Figure x. When you compare the three specimens of Sordes to the three jianchangopterids the purported similarities to Sordes start to fade. Shifting Jianchangopterus to Sordes adds 40 steps.

Figure 5. When you compare the three specimens of Sordes to the three jianchangopterids the purported similarities to Sordes start to fade. Shifting Jianchangopterus to Sordes adds 40 steps.

7. Qinlongopterus guoi (D3080, D3081) was considered a young juvenile very similar to Rhamphorhynchus due to its small size, large orbit and short rostrum. The large pterosaur tree nests it within that genus, close to other small rhamphs. Hone et al. (2012) noted that “juveniles of different pterosaur taxa are harder to distinguish than adults.” That may be so because Hone et al. does not care to test these small pterosaurs in phylogenetic analysis. If they took this little step they would find that, like Zhejiangopterus, Pteranodon and pterosaur embryos, which are identical to adults and can be scored with adults in phylogenetic analysis. In similar fashion Hone deleted fenestrasaurs when he and Benton wrote two papers supporting the archosaur origin for pterosaurs (without providing a viable archosaur candidate with pterosaur traits).

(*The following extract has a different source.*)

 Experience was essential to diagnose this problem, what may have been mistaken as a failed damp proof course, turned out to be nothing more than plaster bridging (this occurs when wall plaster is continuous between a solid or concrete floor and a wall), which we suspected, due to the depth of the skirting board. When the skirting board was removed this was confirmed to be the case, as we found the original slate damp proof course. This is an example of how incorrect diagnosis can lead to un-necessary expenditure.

8. Changchengopterus pani (CYGB-0036) was considered a young juvenile by Sullivan et al. but it nests with other small pterosaurs, like the BSP 1994 specimen of Eudimorphodon at the base of all higher single cusp tooth pterosaurs. The referred specimen is a wukongopterid, as Wang (2010) erroneously suggested for the holotype. Sullivan et al. considered the phylogenetic position of these two specimens uncertain. They considered the holotype “one of the smallest pterosaurs specimens known” and considered it a juvenile due to its unfused scapulocoracoid, not realizing that this trait is phylogenetic in distribution, not ontogenetic.

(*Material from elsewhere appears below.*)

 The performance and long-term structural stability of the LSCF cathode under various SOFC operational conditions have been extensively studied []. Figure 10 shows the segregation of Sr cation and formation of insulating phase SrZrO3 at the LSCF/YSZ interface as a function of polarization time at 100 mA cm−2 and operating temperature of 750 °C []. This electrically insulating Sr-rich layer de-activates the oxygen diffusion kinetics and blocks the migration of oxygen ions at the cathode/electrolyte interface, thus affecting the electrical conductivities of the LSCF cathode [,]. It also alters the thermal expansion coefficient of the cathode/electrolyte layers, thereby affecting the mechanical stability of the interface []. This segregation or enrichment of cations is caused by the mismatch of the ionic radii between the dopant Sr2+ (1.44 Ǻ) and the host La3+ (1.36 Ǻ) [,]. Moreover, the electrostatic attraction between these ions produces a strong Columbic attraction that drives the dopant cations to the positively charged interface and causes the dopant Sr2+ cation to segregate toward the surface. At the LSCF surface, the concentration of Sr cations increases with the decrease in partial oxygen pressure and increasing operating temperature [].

9. Darwinopterus, Wukongopterus, Kunpengopterus, Archaeoistiodactylus are here all lumped together because they all form a clade, the Wukongopteridae, that left no descendants, but developed a long pterodactyloid rostrum and neck by convergence. Unfortunatelly Sullivan et al. followed Lü et al. in supporting their analysis that placed Darwinopterus at a transitional node from long tail rhamphs to short tail pterodcs. Of course the lack of resolution at this node was massive, with no single genus preceding or succeeding Darwinopterus. Nor did Lü et al include the actual transitional taxa, the tiny pterosaurs, which they considered juveniles unworthy or potentially disruptive of analysis. A more inclusive analysis can be seen here. To the credit of Sullivan et al. followed Martill and Etches (2013) and the pterosaurheresies and reptile evolution to break with the original nesting of Archaeoistiodactylus with the ornithocheirid Istiodactylus to suggest (without phylogenetic analysis) that it nested with wukongopterids.

References
Martill DM and Etches S2013. A new monofenestratan pterosaur from the Kimmeridge Clay Formation (Upper Jurassic, Kimmeridgian) of Dorset, England. Acta Palaeontologica Polonica 58 (2): 285–294. doi:10.4202/app.2011.0071.
Sullivan C, Wang Y, Hone DEW, Wanga Y, Xu X and Zhang F 2014. The vertebrates of the Jurassic Daohugou Biota of northeastern China. Journal of Vertebrate Paleontology 34(2):243-280.